The first approach I tried was anchoring the character parallel to the surface of the “floor” (using a raycast normal to orient the character parallel) and updating the character CFrame with RenderStepped for any user WASD input. When they reached an edge of a current floor, a raycast is sent to the origin of the part. That collides with any surface between the character and the part’s origin, which is the way I grab the nearest surface to orient yourself based on. This solution isn’t terrible, and it’s the closest to consistent I’ve got. It does, however, look very “choppy” as transitions from one surface to another are instantaneous. The biggest issue here is that every time I anchor onto a new surface, the character’s relative orientation completely changes. This means you might be climbing over a corner and when the player is switched to the new orientation, their head is now where their feet would be if you were climbing over a corner. Here’s a picture showing what happens when the character moves in the direction indicated by the arrow, with the resulting transformation in the image below.

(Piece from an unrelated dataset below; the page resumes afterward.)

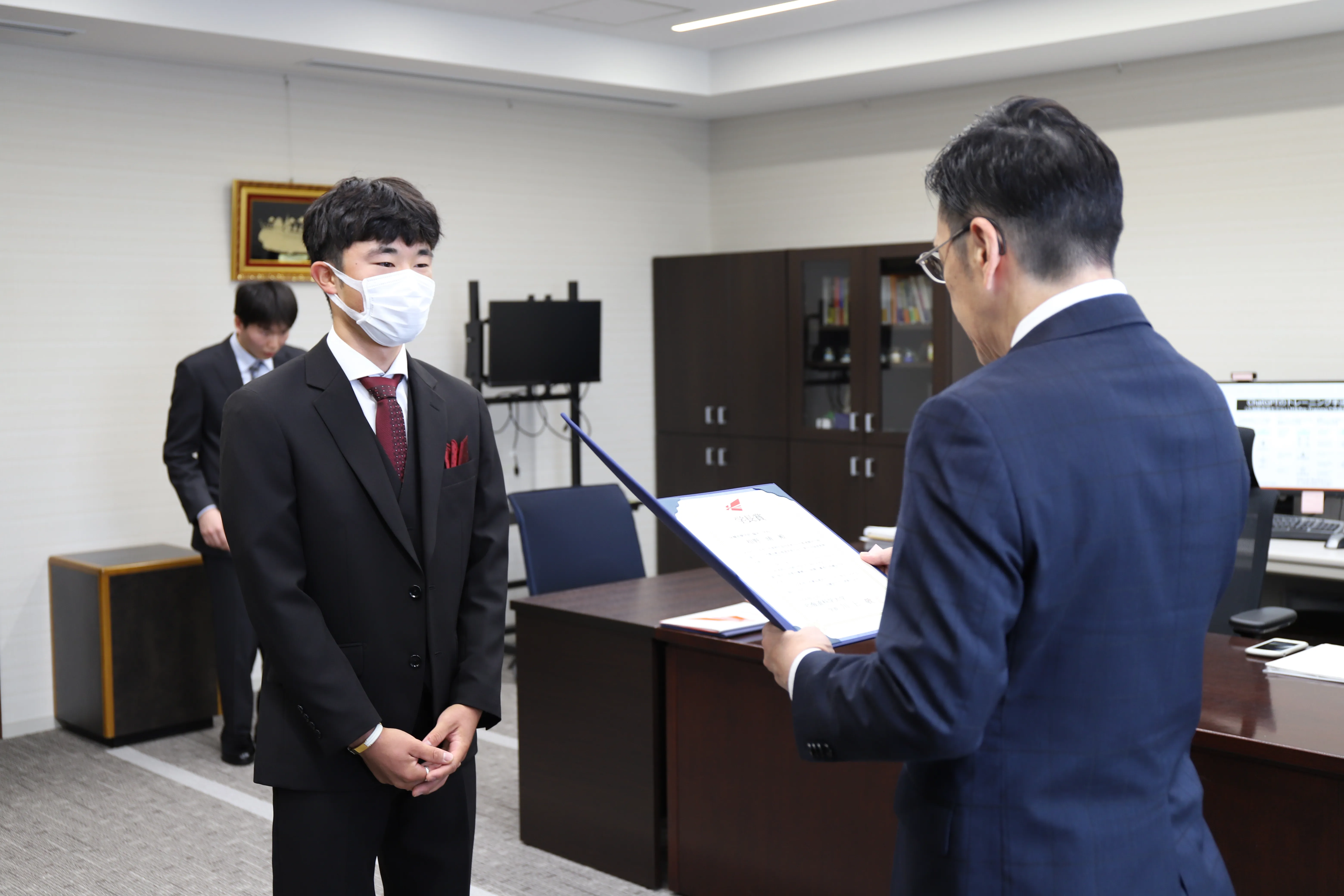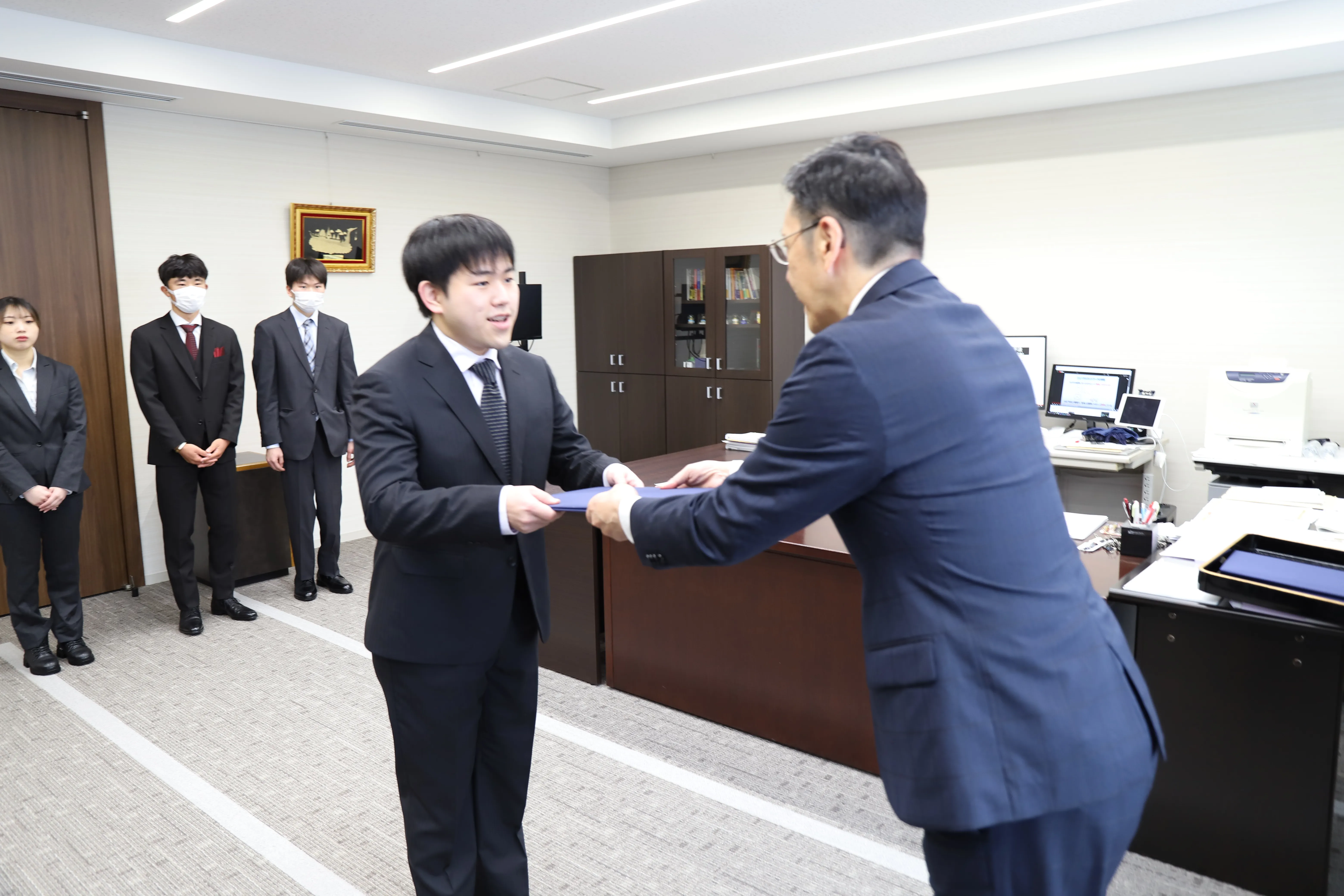 2024年2月15日(木)、学長室にて、学長賞表彰状授与式(後期)が行われました。

My assumption here is that the raycastResult.Normal has a rotation component based on the surface that I don’t know about, or that the character always tries to place its feet at the lowest possible point in the world reference frame given the required orientation. Does anyone know why this is happening, or what orientation a raycastResult.Normal returns? Or is it literally just returning a vector with no CFrame component, so the character orientation is reset to whatever is default? Is it possible for me to retain the character orientation around corners like this? It is worth noting some transitions from wall to wall DO seem to work nearly as intended, which is what is confusing me. The behavior seems a little random. This is basically what the script looks like, oldOrientation is what I’m trying to figure out how to utilize

function Movement:checkOrientation(humanoidRootPart, part, oldRayCastNormal)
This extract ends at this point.